The Disk Queue Length alarm becomes active when the maximum disk queue length of any disk exceeds a threshold. Sustained high disk queue length is a good indicator that you have a disk subsystem bottleneck, and usually means that I/O times will be degraded.
Note: Since this is a Windows-based alarm, it can be impacted by I/O that was performed by non-SQL Server processes. The occurrence of this alarm does not necessarily indicate a problem with SQL Server instance, however SQL Server (and anything else on the machine that performs disk I/O) will feel the impact of slower disk throughput.
When this alarm is raised you should look at:
- The SQL Server | SQL Activity drilldown | Summary page to see if SQL Server is generating high amounts of disk activity. The SQL Server IO graph shows the rate (pages per second) for each type of I/O that SQL Server is performing. If SQL Server is not generating a lot of I/O activity, then it is most likely being caused by some other Windows process, or by Windows itself.

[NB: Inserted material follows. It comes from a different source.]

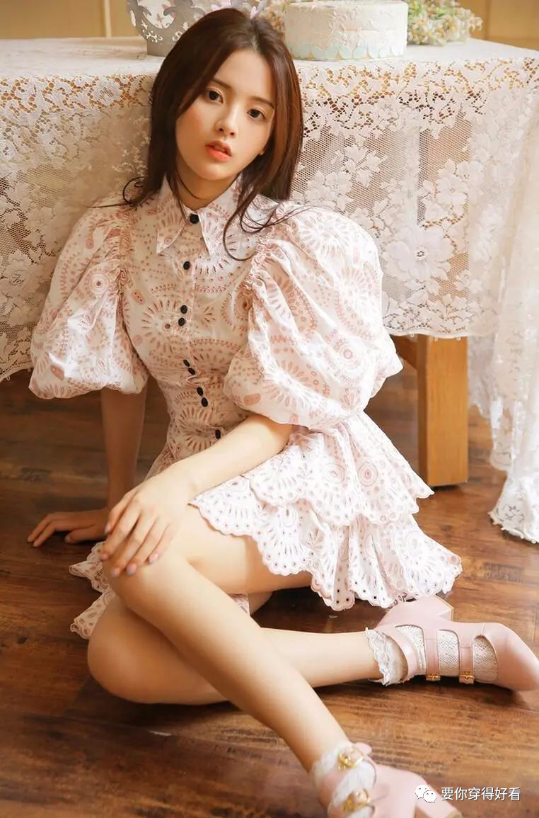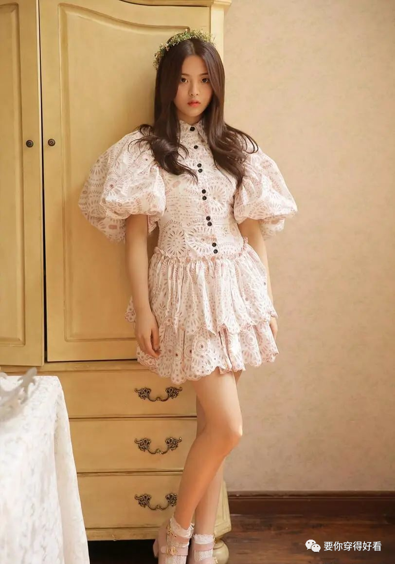 嘗試少女洛麗塔造型的楊超越可以說是美出了天際。粉色的蕾絲鏤空短裙還搭配著寬鬆而有氣質的蓬蓬袖,這種甜美而俏皮的少女感在她的詮釋下真的特別到位。

- The Windows Server | Disks drilldown | Logical Disk Activity page to see which disk(s) are being hit the hardest. This, and the list of disks that contain SQL Server databases (from the SQL Server | Databases drilldown), may help to determine if SQL Server is generating the I/O.
- The SQL Server | SQL Activity drilldown | Sessions page to see what SQL Server processes are running at the time, and the SQL currently being ran.
- Consider moving database files to faster disks. If you are not using hardware RAID, consider purchasing a RAID subsystem. If you are using RAID-5 for write-intensive files (such as Database Logs or heavily updated database files), consider moving to a faster RAID implementation (RAID-0 or RAID-10).
- In some cases, you can speed up all disk I/O by reviewing the RAID options on your RAID controllers. One example is to enable disk-write caching, as long as your disk subsystem is protected by battery backups or UPS.
If the Checkpoint process is generating a lot of I/O (see the Ckpt writes statistic on the SQL Server IO graph of the Summary tab), review your Recovery Interval setting in the Configuration drilldown.